Sr Reg Affairs Spec

Company Overview    

Headquartered in suburban Atlanta, Georgia, Artivion, Inc. specializes in developing innovative medical devices aimed at addressing challenging cardiac and vascular conditions. Our Austin facility houses a diverse team dedicated to producing the On-X Mechanical Heart Valves. With over 1,400 employees globally and manufacturing sites in Atlanta, Austin, and Hechingen, Germany, Artivion serves healthcare professionals in over 100 countries. For more details, visit our website at www.artivion.com.

POSITION OBJECTIVE
The Senior Regulatory Affairs (RA) Specialist is responsible for developing regulatory strategies, preparing U.S. and international submissions, and obtaining and maintaining approval for products to markets worldwide. Additionally, the Sr. RA Specialist is responsible for assessment of device changes for regulatory implications and for performing regulatory activities in support of implementing these device changes. The Sr.
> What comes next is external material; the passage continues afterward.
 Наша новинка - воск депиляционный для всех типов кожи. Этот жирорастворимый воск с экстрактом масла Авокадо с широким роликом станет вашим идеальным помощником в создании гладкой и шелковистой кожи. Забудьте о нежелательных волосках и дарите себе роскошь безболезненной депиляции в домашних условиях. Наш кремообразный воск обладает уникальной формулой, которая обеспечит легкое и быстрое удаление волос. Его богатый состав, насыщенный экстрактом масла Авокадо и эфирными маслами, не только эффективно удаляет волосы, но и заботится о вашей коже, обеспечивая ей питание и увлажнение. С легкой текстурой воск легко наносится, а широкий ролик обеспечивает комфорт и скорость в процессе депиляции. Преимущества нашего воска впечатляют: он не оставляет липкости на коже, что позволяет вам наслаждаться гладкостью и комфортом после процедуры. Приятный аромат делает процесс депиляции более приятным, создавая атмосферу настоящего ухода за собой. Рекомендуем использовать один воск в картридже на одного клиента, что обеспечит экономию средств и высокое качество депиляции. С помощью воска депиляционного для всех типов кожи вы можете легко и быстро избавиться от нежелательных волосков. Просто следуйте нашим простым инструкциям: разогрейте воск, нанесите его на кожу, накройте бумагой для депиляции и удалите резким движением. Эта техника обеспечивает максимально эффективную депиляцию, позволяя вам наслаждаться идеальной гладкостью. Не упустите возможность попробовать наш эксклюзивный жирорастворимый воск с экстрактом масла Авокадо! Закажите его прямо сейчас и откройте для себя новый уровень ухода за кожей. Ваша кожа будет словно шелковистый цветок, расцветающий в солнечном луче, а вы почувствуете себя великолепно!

RA Specialist will work independently, manage their own regulatory projects, and provide guidance and support to junior staff.
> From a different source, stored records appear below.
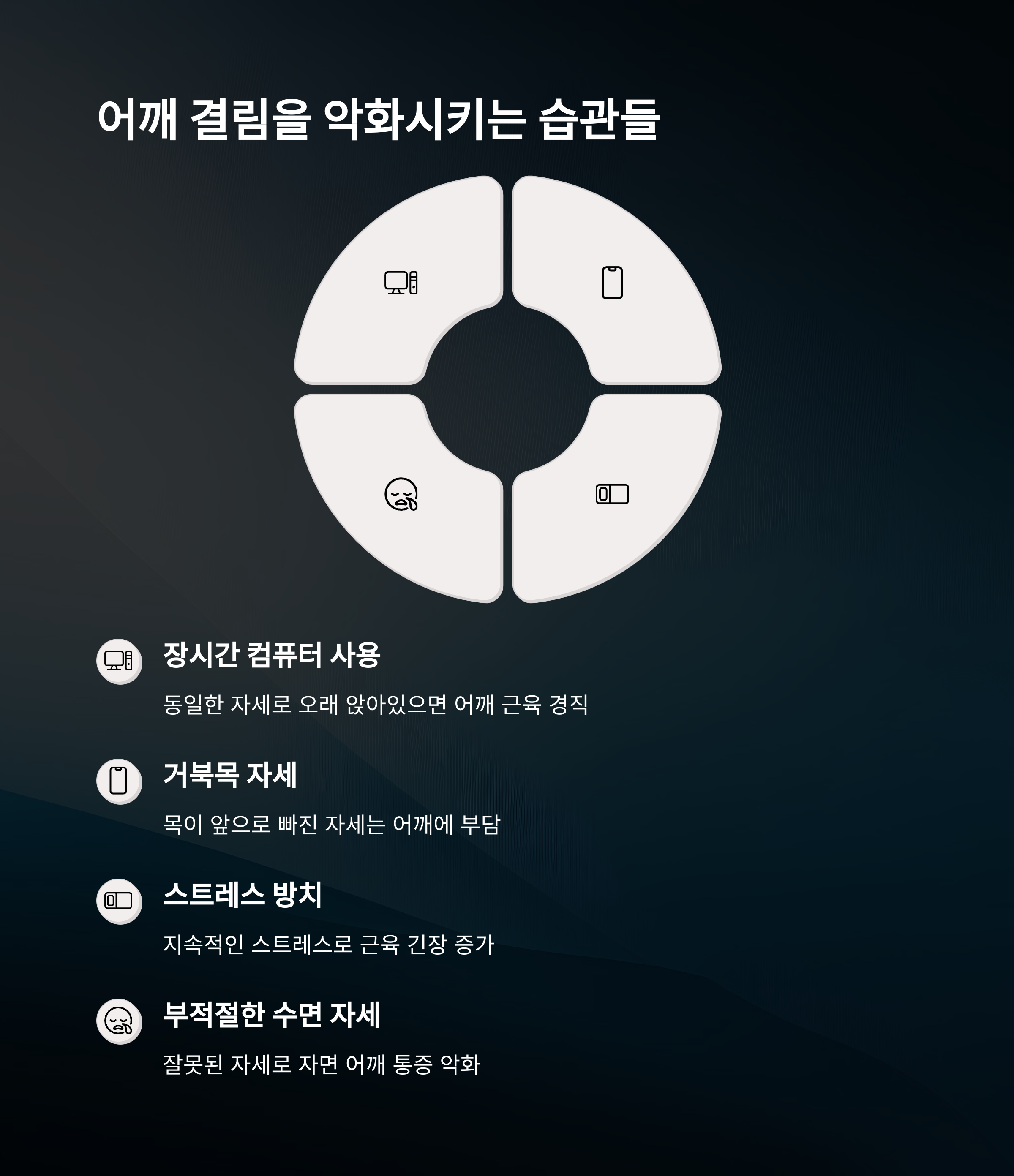 | 자세 불균형 | 구부정한 자세, 목을 앞으로 뺀 자세 등이 근육 피로 유발 |
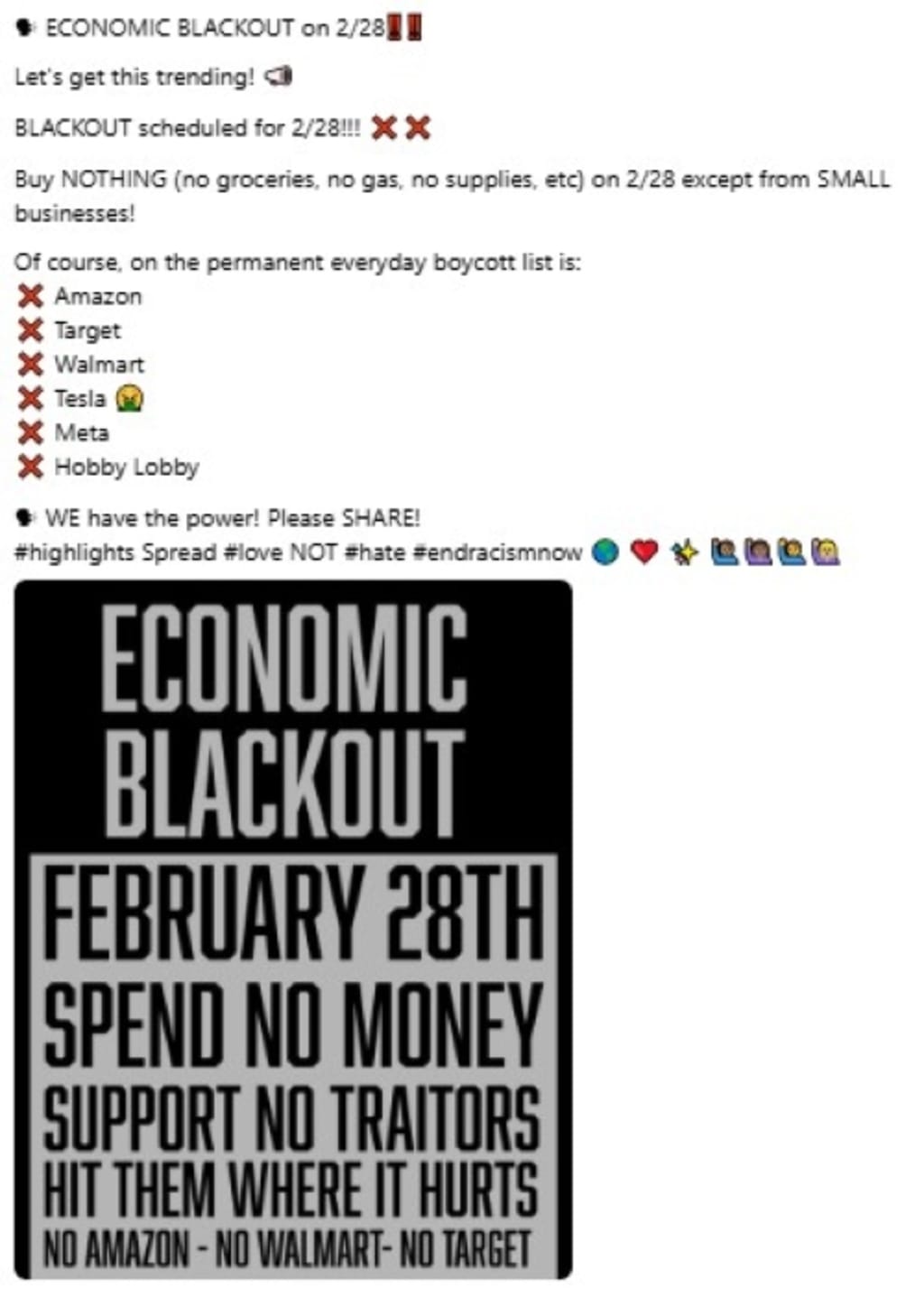 Today there has been a call to not spend money or use Social Media, especially Facebook and anything that carries advertising. We are fine to use small businesses, but Amazon, Walmart and the big ones are to be boycotted.
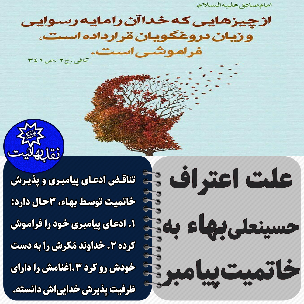 حسینعلی نوری، از یکسو به خاتمیت پیامبر اسلام اعتراف و از سویی دیگر، ادعای پیامبری داشته است! اما حل این تناقض، از سه حال خارج نیست: 1. او ادعای پیامبری خود را فراموش کرده 2. اعتراف او، مصداق وعدهی الهی به آشکارسازی مَکر کفار، به وسیلهی خودشان است 3. به این نکته پی برده که اغنام او، ظرفیت پذیرش خداییاش را نیز دارند.
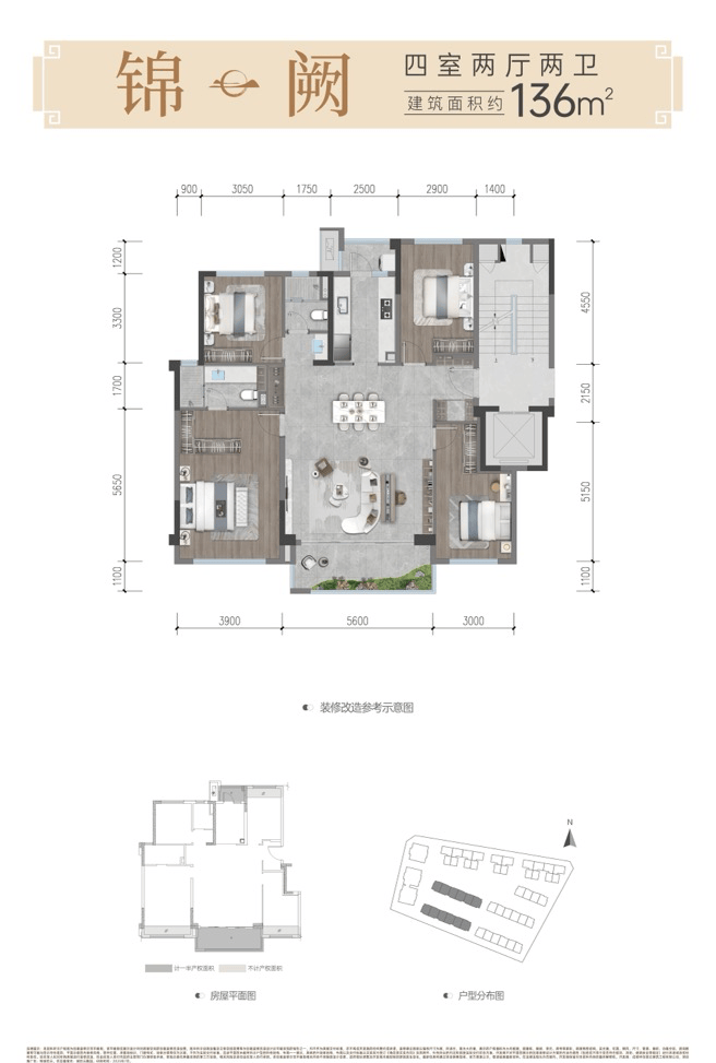 锦阙丨建面约136㎡阔境奢宅丨四室两厅两卫
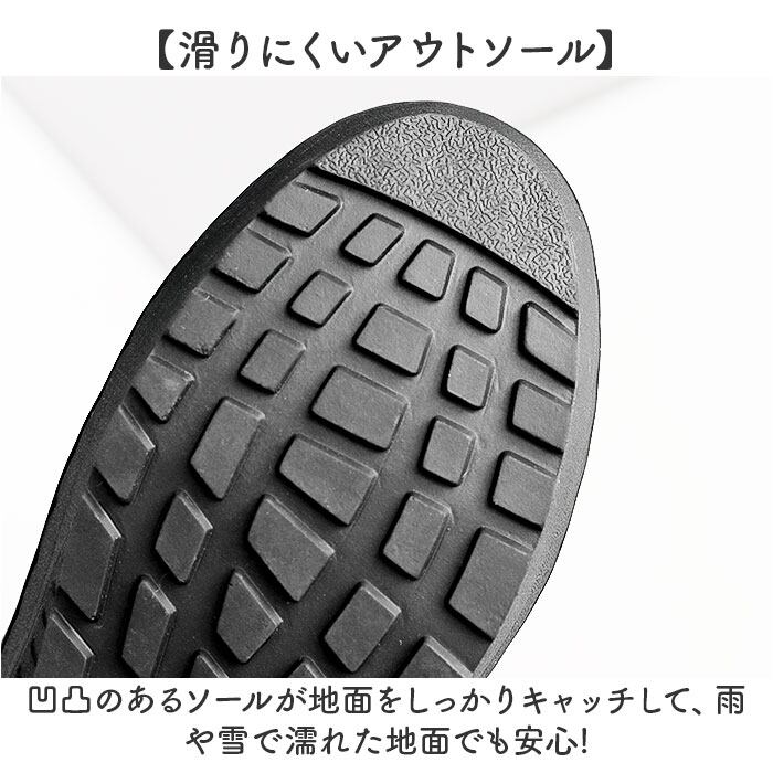 ・凹凸のあるソールが地面をしっかりキャッチして、雨や雪で濡れた地面でも安心!

PRINCIPAL RESPONSIBILITIES
• Define the regulatory strategies and submission activities (510(k), IDE, PMA, EU/CE Technical Documentation Files, Canadian License, international registrations, including amendments, supplements, renewals, annual reports and responses to requests for additional information) for complex new product development activities and product maintenance for existing approved products.
• Team with global partners and international regulatory staffs to provide regulatory support for new products/therapies and changes to existing products. Work with cross-functional teams and subject matter experts to maintain regulatory compliance and address questions from regulatory agencies.
• Review significant product submissions with project stakeholders and negotiate submission issues with agency personnel. Ensure timely submission approvals and product market release.
• Provide support to currently marketed products, including review of labeling, promotional material, product changes and documentation for changes.
• Support regulatory compliance activities, including facility site registrations, audits, etc., as needed.
• Maintain proficiency in worldwide regulatory requirements; establish and maintain good relationships with agency personnel.
• Provide feedback and on-going support to product development teams for regulatory issues and questions.
• Ensure personal understanding of all quality policy/system items that are personally applicable.
• Follow all work/quality procedures to ensure quality system compliance and high-quality work.
• Support general quality system programs (CAPAs, NCRs, internal/external audits, PMS, Risk Management, etc.)
• Maintain and update regulatory processes and SOPs.
• Provide support and guidance to junior team members.

QUALIFICATIONS
Must have:
• Bachelor's degree and a minimum of 4 years of regulatory experience or an advanced degree with a minimum of 2 years of regulatory experience.
• Experience with FDA Class II or III devices or experience with EU Class IIb or III devices.
• Experience working with cross-functional teams.
• Ability to comprehend principles of engineering, physiology, and medical device use.
• Ability to effectively manage and prioritize numerous projects and responsibilities.
• Strong analytical, technical writing, verbal/written communication, organizational, and time management skills.
• Must be flexible, able to adapt easily, and willing to take initiative and lead regulatory projects.

Preferred:
• Experience with Health Canada Class 3 or 4 devices, international submissions, cardiovascular devices or human tissue.

We offer competitive pay, 401(k), medical, dental, vision, an employee stock purchase program, relocation assistance, and generous PTO, along with opportunities for growth and development in a supportive work environment.